*** Opening Data records ***
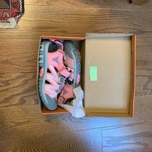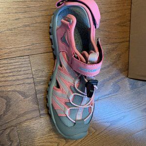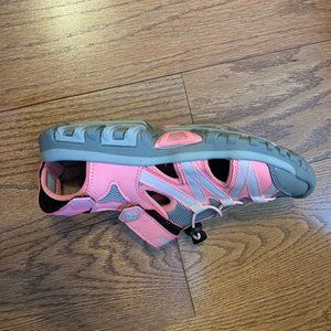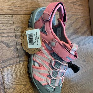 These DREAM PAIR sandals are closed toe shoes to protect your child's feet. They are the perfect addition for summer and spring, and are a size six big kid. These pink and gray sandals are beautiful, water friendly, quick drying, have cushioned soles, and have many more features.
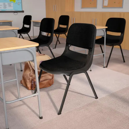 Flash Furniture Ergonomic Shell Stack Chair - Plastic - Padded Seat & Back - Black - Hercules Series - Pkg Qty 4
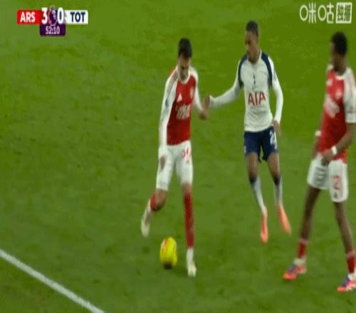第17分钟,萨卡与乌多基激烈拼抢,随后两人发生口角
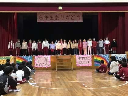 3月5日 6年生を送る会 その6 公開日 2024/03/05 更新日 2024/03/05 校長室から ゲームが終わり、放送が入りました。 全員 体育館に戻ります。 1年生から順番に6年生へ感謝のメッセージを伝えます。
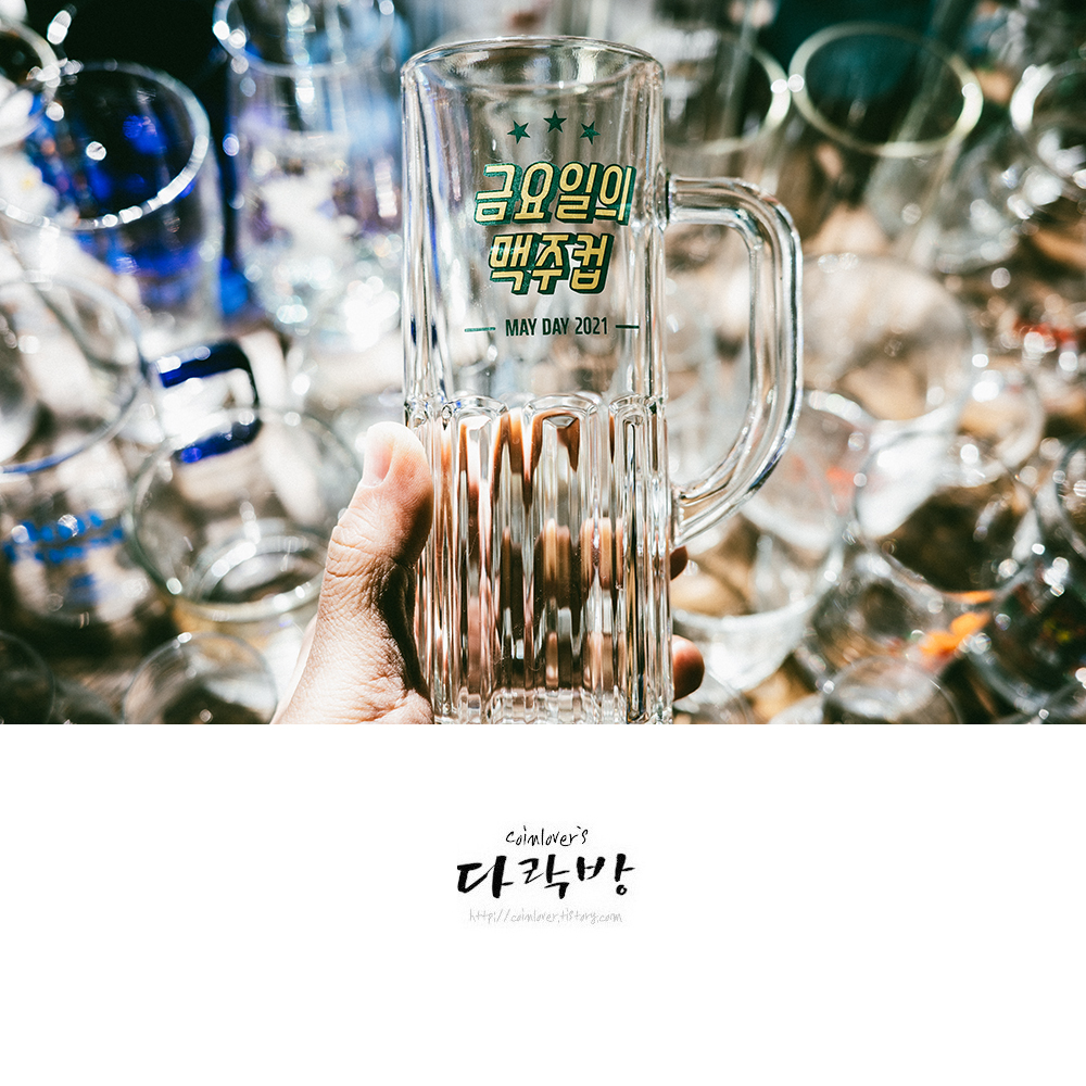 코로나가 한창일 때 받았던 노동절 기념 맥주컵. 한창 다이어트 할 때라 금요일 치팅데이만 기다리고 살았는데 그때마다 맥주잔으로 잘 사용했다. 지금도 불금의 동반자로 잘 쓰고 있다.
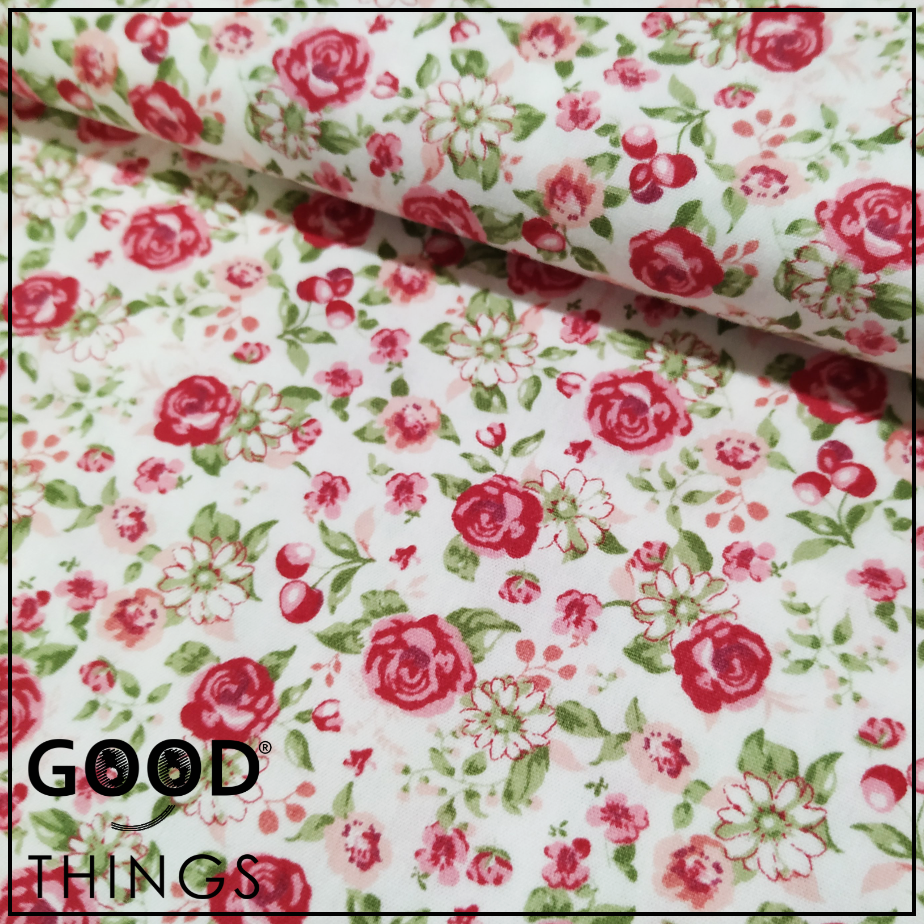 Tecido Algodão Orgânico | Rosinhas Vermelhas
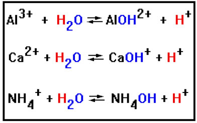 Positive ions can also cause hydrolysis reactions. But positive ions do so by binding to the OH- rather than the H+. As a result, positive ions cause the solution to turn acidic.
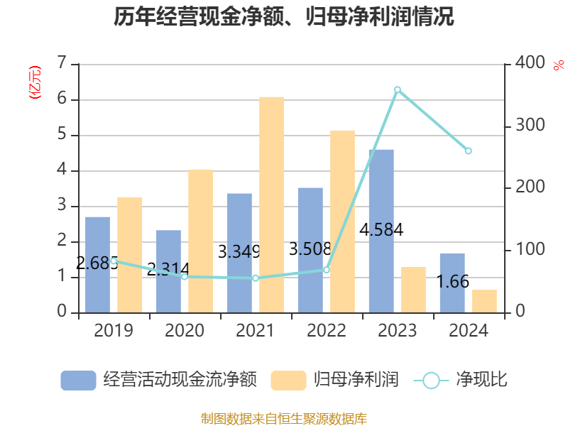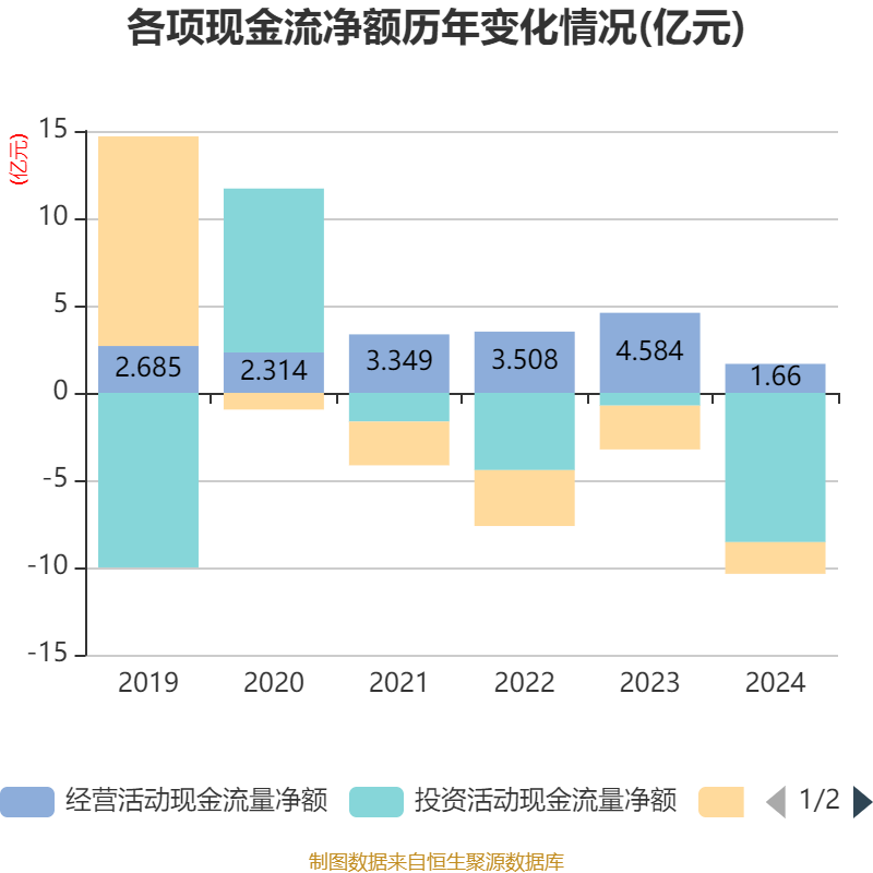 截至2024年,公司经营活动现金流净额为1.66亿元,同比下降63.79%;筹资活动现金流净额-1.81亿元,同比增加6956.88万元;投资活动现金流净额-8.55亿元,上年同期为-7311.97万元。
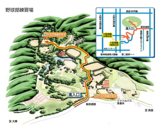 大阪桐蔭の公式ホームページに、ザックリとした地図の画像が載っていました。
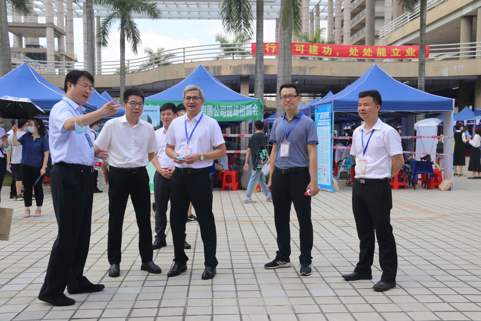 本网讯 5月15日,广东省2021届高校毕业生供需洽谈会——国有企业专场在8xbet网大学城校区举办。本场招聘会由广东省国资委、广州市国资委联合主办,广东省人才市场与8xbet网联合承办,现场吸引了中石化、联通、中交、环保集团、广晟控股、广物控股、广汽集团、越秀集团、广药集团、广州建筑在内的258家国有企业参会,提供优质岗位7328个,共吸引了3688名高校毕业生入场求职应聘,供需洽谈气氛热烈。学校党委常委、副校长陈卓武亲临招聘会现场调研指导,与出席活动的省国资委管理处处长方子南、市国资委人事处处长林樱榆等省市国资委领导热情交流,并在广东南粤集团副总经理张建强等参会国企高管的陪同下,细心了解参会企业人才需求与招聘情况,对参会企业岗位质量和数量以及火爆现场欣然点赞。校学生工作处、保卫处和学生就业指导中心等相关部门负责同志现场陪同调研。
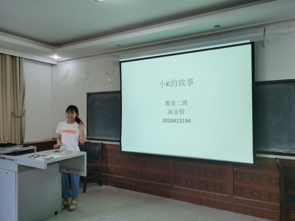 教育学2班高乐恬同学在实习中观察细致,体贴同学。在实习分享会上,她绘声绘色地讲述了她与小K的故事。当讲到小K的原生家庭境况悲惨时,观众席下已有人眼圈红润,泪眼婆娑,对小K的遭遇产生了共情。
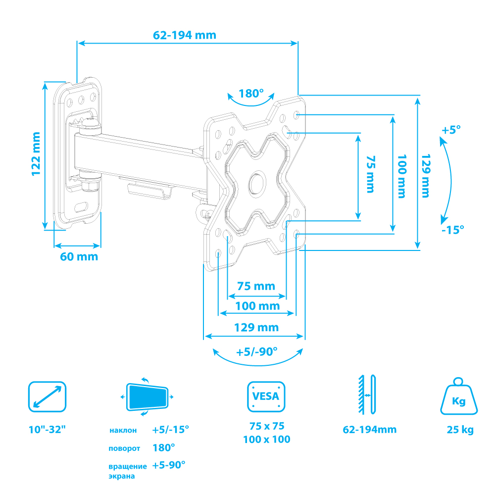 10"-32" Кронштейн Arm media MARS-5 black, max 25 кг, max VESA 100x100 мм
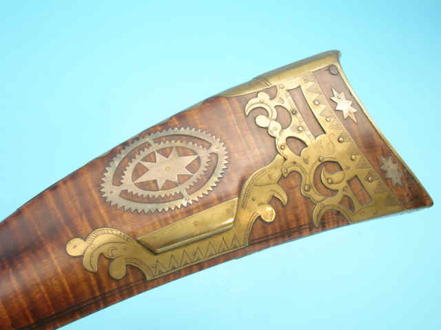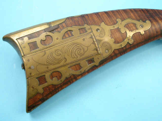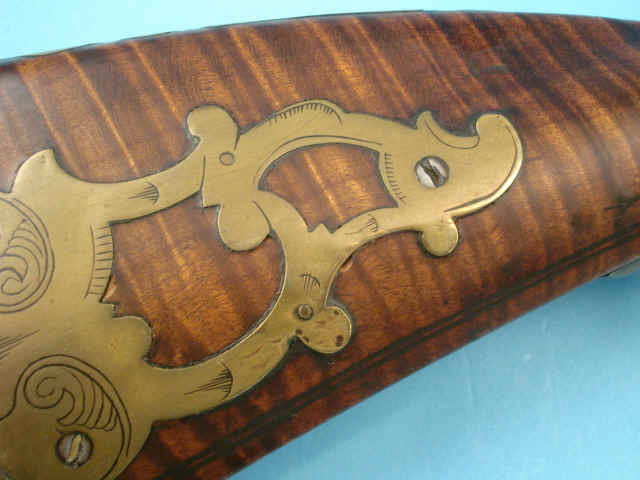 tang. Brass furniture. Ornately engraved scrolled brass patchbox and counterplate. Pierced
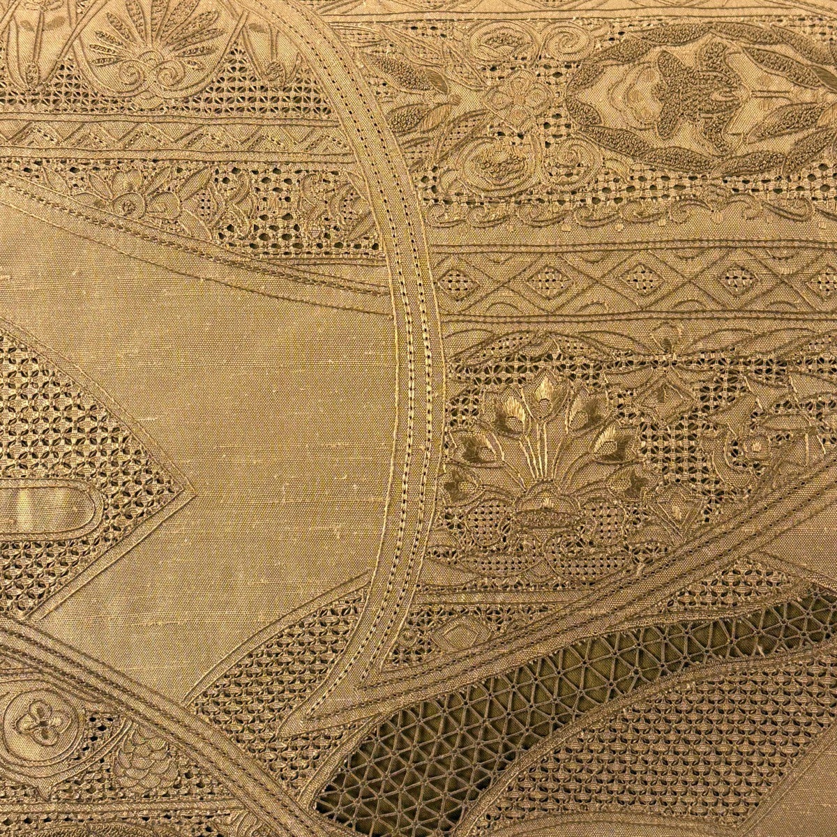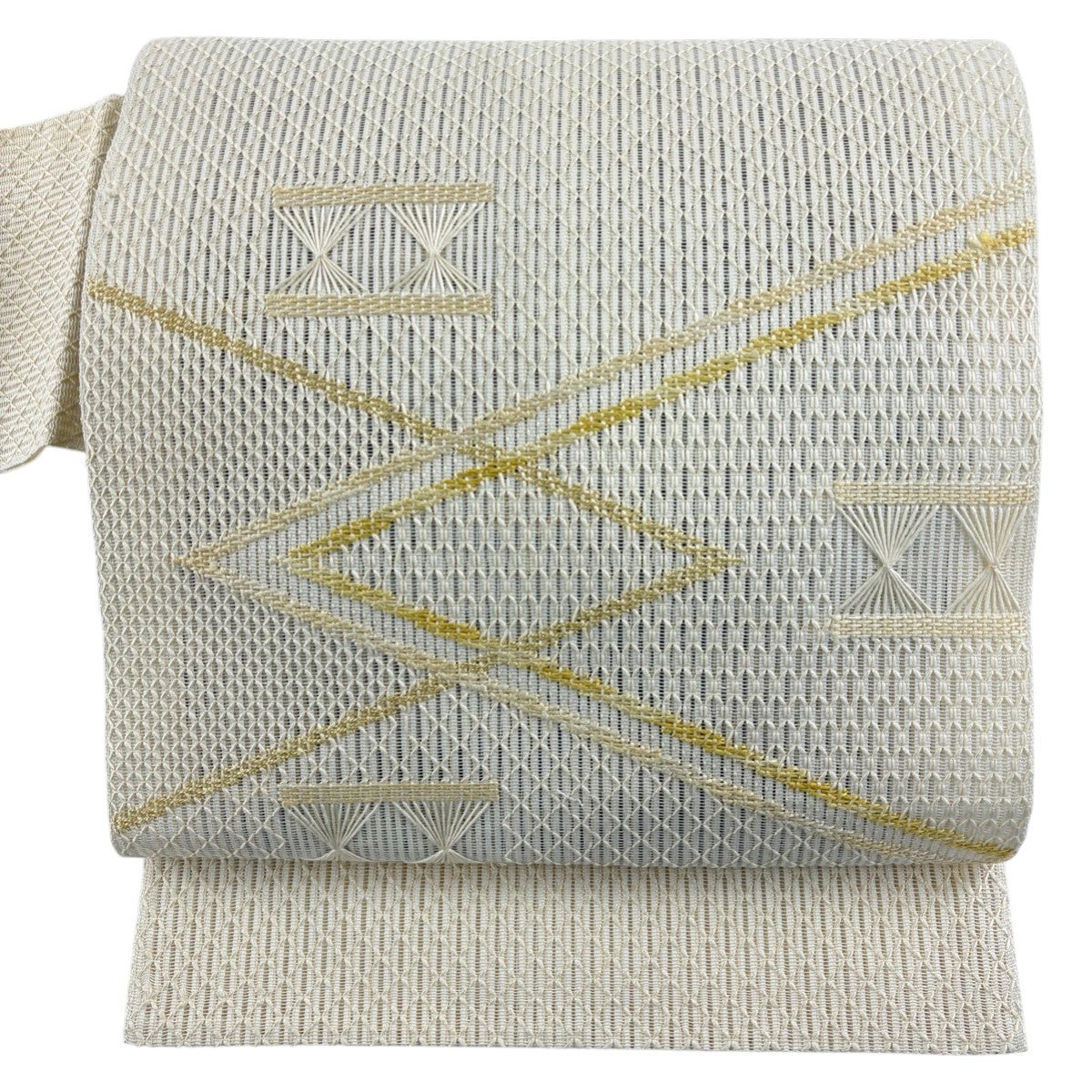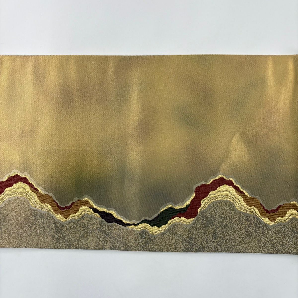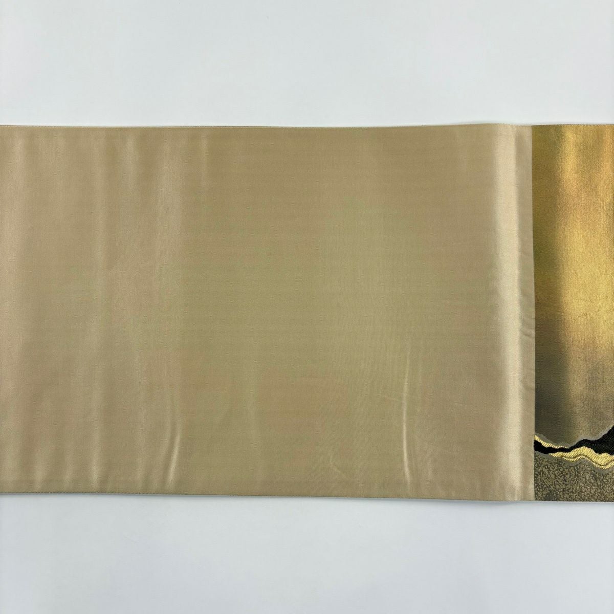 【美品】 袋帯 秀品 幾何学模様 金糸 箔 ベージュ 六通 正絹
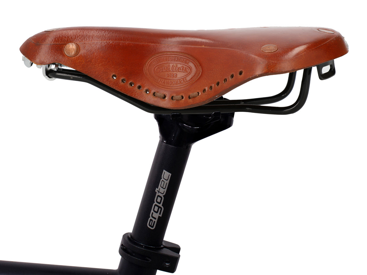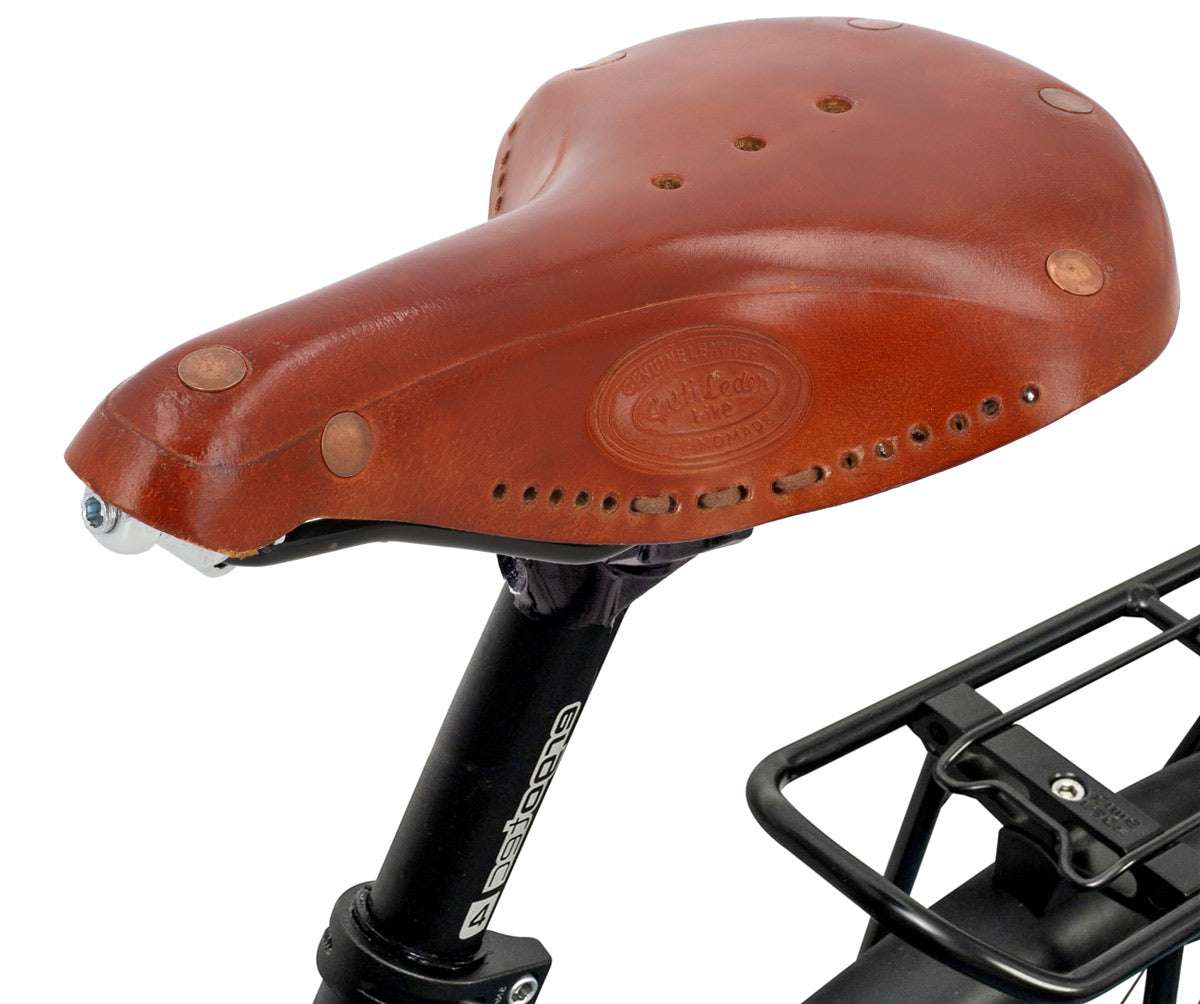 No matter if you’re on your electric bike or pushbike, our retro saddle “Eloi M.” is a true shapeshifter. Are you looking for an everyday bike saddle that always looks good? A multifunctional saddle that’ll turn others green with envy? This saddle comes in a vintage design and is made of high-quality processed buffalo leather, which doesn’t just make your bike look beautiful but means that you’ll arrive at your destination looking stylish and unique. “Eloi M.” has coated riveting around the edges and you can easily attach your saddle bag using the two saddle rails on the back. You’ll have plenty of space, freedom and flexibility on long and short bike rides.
*** Closing Data records ***
Aim of the task → Of the records above, print only the lines from the one containing "截至2024年,公司经营活动" through the one containing "箔 ベージュ 六通 正絹", inclusive and unaltered, leaving out pictures.

Response to this task →
 截至2024年,公司经营活动现金流净额为1.66亿元,同比下降63.79%;筹资活动现金流净额-1.81亿元,同比增加6956.88万元;投资活动现金流净额-8.55亿元,上年同期为-7311.97万元。
 大阪桐蔭の公式ホームページに、ザックリとした地図の画像が載っていました。
 本网讯 5月15日,广东省2021届高校毕业生供需洽谈会——国有企业专场在8xbet网大学城校区举办。本场招聘会由广东省国资委、广州市国资委联合主办,广东省人才市场与8xbet网联合承办,现场吸引了中石化、联通、中交、环保集团、广晟控股、广物控股、广汽集团、越秀集团、广药集团、广州建筑在内的258家国有企业参会,提供优质岗位7328个,共吸引了3688名高校毕业生入场求职应聘,供需洽谈气氛热烈。学校党委常委、副校长陈卓武亲临招聘会现场调研指导,与出席活动的省国资委管理处处长方子南、市国资委人事处处长林樱榆等省市国资委领导热情交流,并在广东南粤集团副总经理张建强等参会国企高管的陪同下,细心了解参会企业人才需求与招聘情况,对参会企业岗位质量和数量以及火爆现场欣然点赞。校学生工作处、保卫处和学生就业指导中心等相关部门负责同志现场陪同调研。
 教育学2班高乐恬同学在实习中观察细致,体贴同学。在实习分享会上,她绘声绘色地讲述了她与小K的故事。当讲到小K的原生家庭境况悲惨时,观众席下已有人眼圈红润,泪眼婆娑,对小K的遭遇产生了共情。
 10"-32" Кронштейн Arm media MARS-5 black, max 25 кг, max VESA 100x100 мм
 tang. Brass furniture. Ornately engraved scrolled brass patchbox and counterplate. Pierced
 【美品】 袋帯 秀品 幾何学模様 金糸 箔 ベージュ 六通 正絹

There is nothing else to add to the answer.